(EXERCISE DATA Opens)

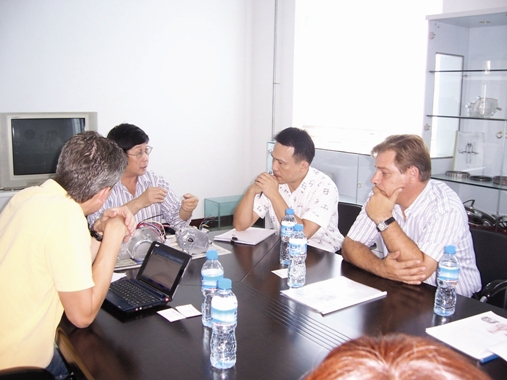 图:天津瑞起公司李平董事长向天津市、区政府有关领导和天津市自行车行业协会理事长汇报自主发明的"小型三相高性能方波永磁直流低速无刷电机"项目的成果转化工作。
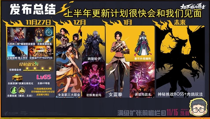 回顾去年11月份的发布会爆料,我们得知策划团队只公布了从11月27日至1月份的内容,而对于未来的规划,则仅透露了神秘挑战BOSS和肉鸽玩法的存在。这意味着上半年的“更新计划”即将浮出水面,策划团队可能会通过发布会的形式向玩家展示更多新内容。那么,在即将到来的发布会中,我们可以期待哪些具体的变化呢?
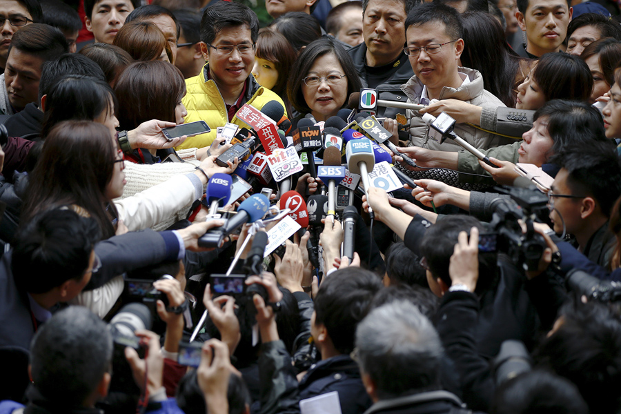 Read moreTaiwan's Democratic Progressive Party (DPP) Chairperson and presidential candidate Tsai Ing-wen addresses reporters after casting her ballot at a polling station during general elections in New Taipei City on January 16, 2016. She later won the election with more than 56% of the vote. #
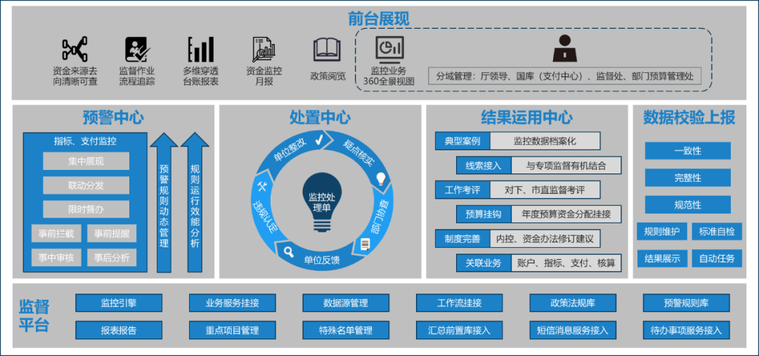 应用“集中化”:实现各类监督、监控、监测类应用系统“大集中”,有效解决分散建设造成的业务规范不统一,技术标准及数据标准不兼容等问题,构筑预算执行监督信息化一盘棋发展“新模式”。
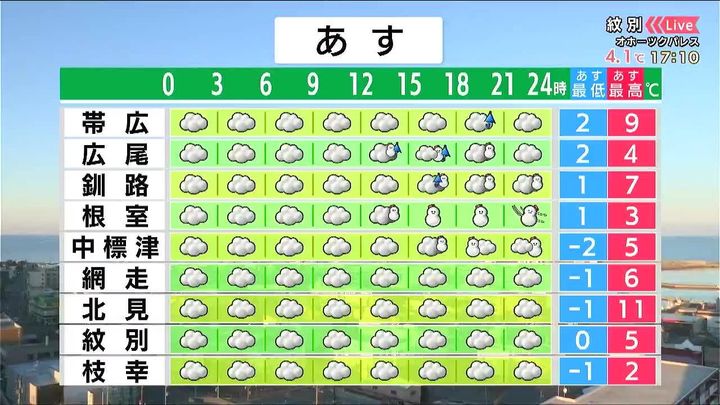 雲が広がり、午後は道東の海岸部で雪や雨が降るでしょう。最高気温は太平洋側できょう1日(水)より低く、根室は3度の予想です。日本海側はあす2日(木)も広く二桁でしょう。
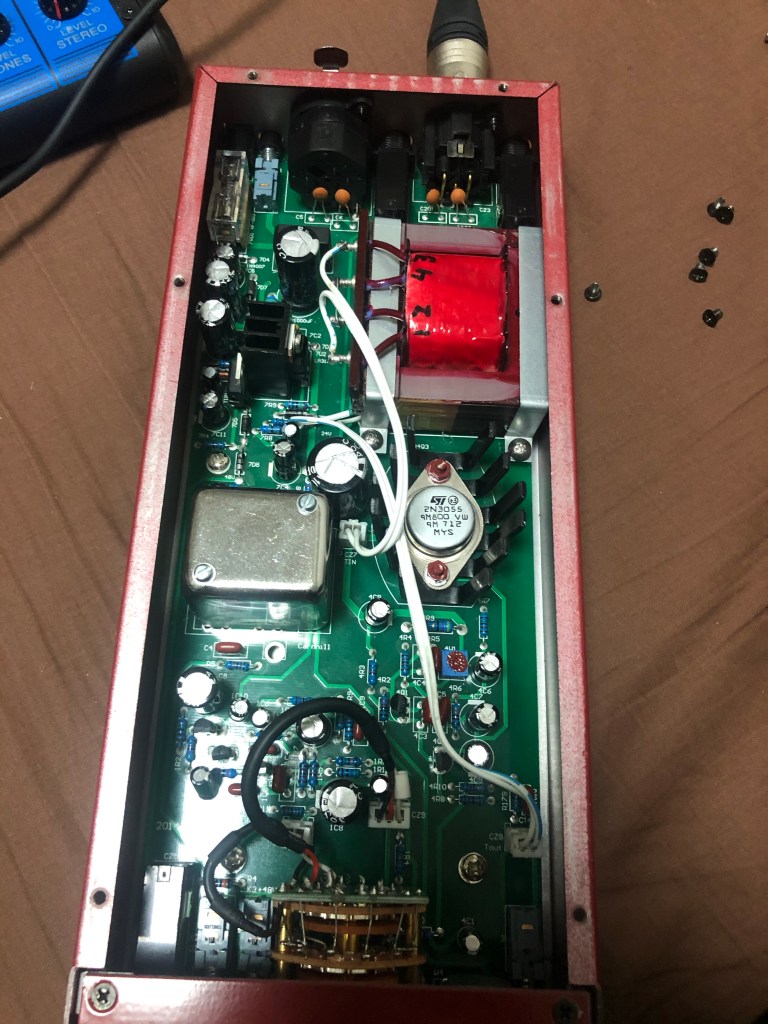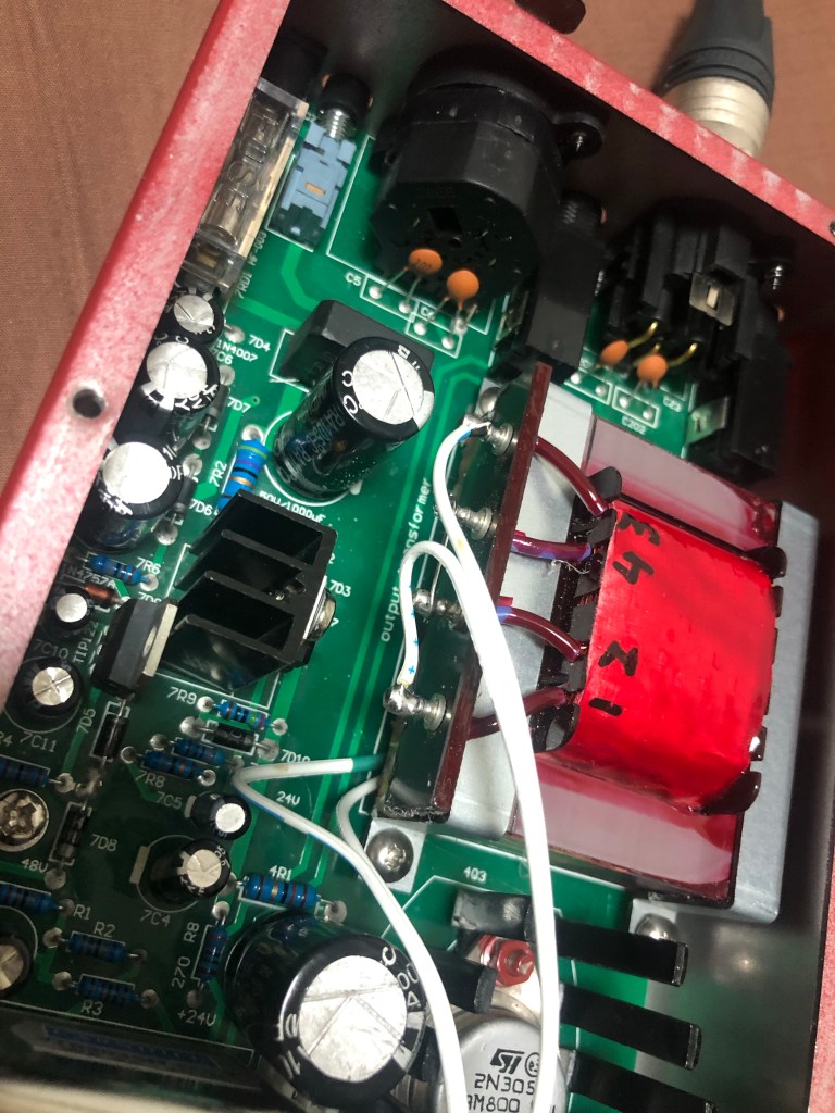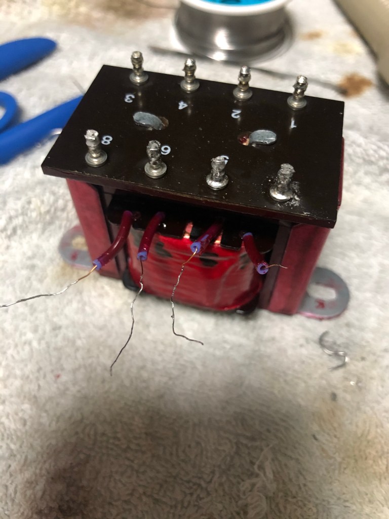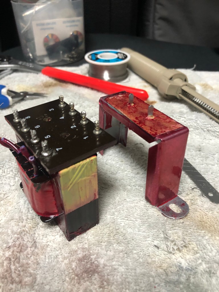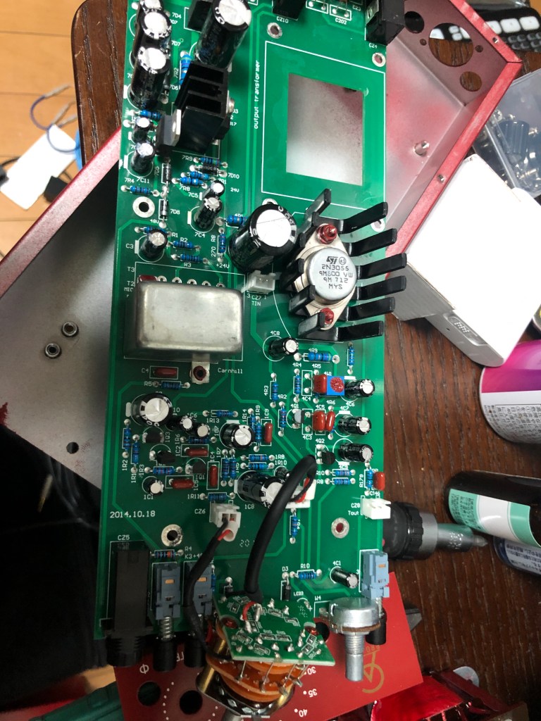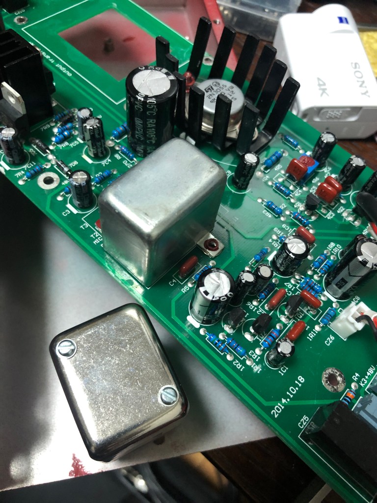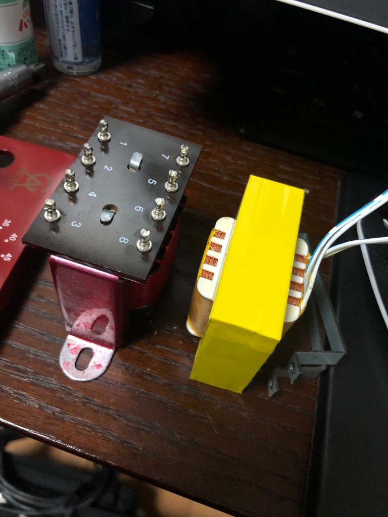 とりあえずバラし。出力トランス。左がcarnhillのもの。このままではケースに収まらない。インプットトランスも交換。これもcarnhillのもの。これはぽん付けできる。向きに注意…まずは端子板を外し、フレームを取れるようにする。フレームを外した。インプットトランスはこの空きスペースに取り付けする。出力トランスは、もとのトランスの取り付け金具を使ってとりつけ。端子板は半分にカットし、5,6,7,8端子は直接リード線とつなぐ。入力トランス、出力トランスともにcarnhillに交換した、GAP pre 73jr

(EXERCISE DATA Closes)

- _WHAT THIS TASK INVOLVES_: Extract the lines exactly, please: the first line of the listing, the line with "回顾去年11月份的发布会爆料", and every line between them, but no pictures.

- _TASK RESULT_:
 图:天津瑞起公司李平董事长向天津市、区政府有关领导和天津市自行车行业协会理事长汇报自主发明的"小型三相高性能方波永磁直流低速无刷电机"项目的成果转化工作。
 回顾去年11月份的发布会爆料,我们得知策划团队只公布了从11月27日至1月份的内容,而对于未来的规划,则仅透露了神秘挑战BOSS和肉鸽玩法的存在。这意味着上半年的“更新计划”即将浮出水面,策划团队可能会通过发布会的形式向玩家展示更多新内容。那么,在即将到来的发布会中,我们可以期待哪些具体的变化呢?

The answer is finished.